[Records contained in a dataset]
#####

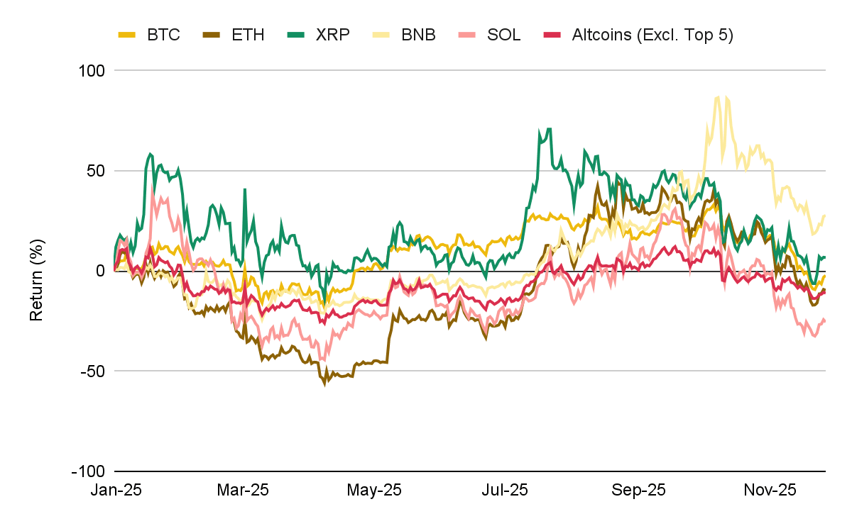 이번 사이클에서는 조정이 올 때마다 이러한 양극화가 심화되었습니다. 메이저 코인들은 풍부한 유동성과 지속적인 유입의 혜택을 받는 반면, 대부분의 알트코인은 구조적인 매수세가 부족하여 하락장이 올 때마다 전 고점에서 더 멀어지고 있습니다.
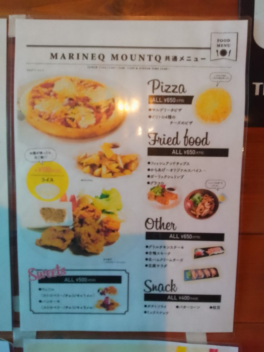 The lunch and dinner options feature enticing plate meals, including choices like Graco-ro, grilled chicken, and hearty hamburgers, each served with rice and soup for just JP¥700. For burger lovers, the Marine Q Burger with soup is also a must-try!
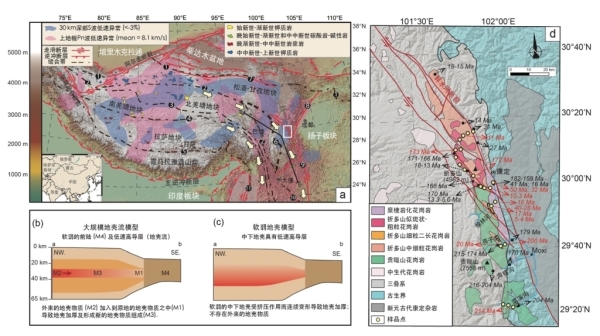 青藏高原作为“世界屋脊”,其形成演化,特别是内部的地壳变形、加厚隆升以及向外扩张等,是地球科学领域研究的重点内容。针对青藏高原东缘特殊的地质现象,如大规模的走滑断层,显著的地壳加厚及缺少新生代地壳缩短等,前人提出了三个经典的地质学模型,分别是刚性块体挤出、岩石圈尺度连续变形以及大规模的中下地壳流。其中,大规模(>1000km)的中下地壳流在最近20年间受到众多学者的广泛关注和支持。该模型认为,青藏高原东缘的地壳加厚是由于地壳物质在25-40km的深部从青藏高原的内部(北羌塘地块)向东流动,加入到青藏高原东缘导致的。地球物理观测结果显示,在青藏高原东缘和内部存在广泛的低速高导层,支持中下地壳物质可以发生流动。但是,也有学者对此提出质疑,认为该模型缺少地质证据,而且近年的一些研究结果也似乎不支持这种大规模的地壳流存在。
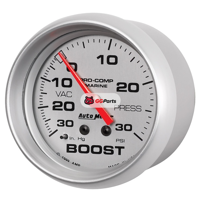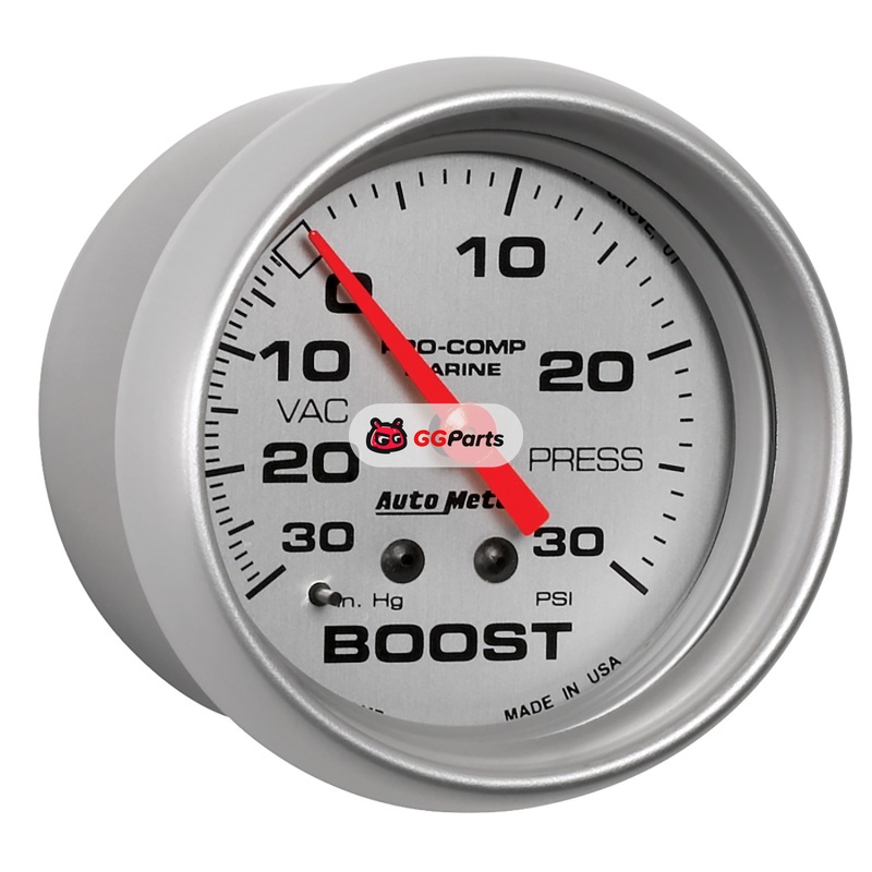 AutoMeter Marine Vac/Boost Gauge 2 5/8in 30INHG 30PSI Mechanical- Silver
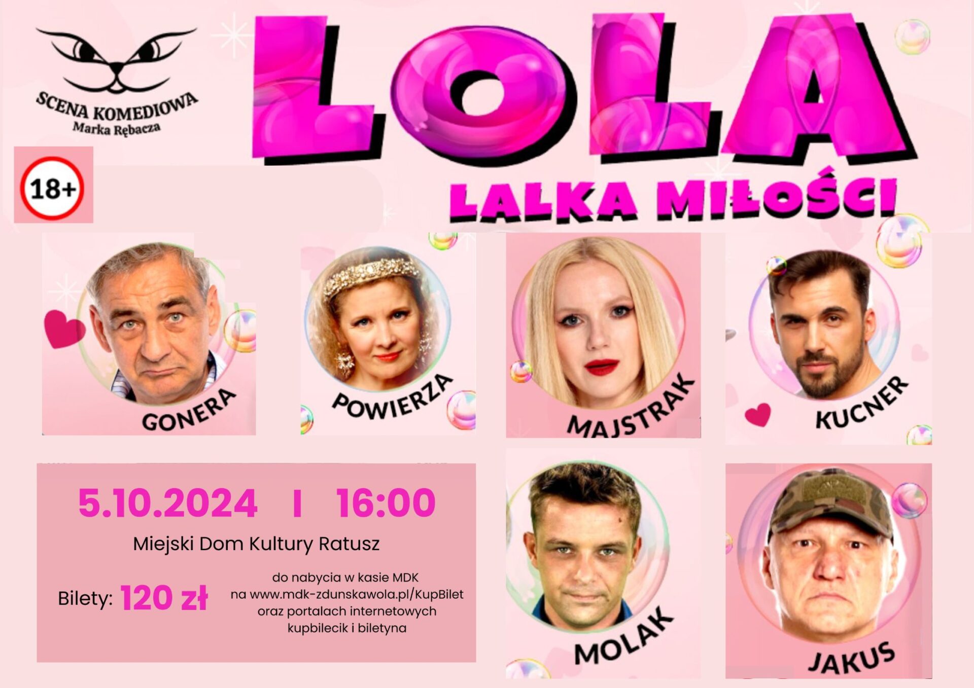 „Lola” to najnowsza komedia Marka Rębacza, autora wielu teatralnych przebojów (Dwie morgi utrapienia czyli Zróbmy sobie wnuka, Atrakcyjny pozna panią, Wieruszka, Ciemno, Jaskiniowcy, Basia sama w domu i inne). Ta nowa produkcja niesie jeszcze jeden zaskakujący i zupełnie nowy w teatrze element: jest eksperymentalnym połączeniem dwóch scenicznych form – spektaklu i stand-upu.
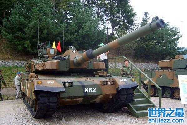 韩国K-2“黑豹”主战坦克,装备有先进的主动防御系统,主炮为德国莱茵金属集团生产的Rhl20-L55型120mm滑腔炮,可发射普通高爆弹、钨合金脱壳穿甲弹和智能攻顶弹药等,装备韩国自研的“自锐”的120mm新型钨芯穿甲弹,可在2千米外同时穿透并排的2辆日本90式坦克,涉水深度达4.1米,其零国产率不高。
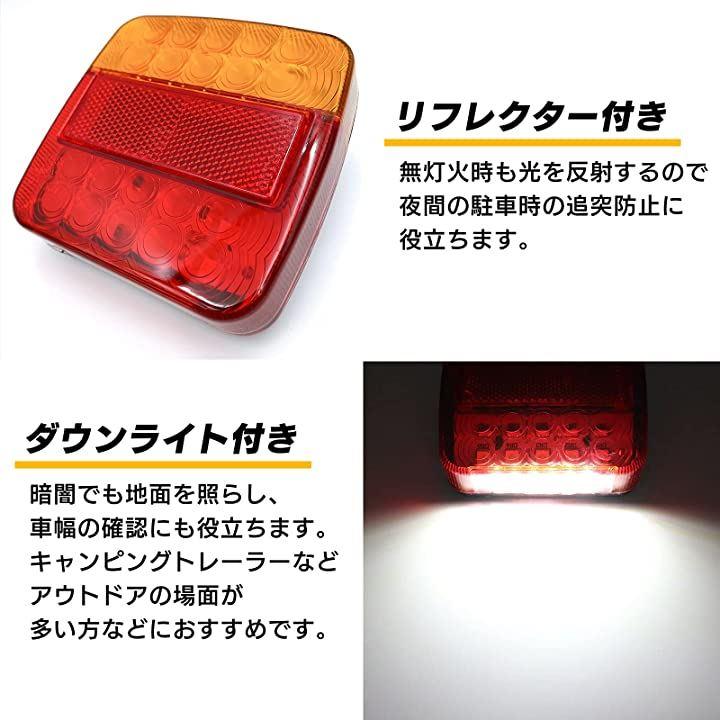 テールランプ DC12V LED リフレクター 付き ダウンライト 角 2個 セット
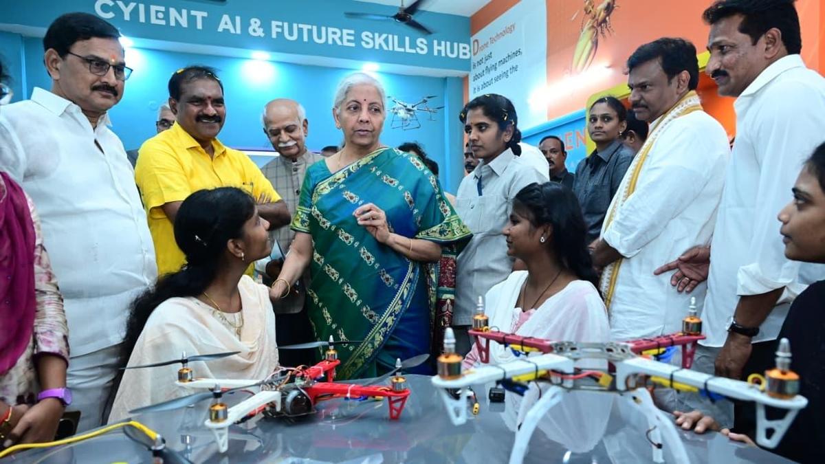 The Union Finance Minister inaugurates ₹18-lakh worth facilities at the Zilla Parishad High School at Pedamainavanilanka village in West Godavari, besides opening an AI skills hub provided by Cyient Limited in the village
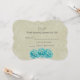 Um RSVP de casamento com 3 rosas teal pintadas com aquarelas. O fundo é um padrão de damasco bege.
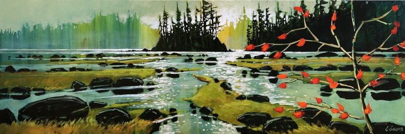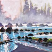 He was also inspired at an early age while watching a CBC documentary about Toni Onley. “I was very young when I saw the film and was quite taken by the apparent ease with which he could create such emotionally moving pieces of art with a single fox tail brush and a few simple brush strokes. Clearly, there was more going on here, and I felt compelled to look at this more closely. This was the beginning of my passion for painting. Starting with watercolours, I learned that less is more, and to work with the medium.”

#####

◆ TASK ITEM:
With the pictures left out, give again exactly the lines from the one with "Um RSVP de casamento" through the end of the data, both included.

◆ EXERCISE SOLUTION:
 Um RSVP de casamento com 3 rosas teal pintadas com aquarelas. O fundo é um padrão de damasco bege.
 He was also inspired at an early age while watching a CBC documentary about Toni Onley. “I was very young when I saw the film and was quite taken by the apparent ease with which he could create such emotionally moving pieces of art with a single fox tail brush and a few simple brush strokes. Clearly, there was more going on here, and I felt compelled to look at this more closely. This was the beginning of my passion for painting. Starting with watercolours, I learned that less is more, and to work with the medium.”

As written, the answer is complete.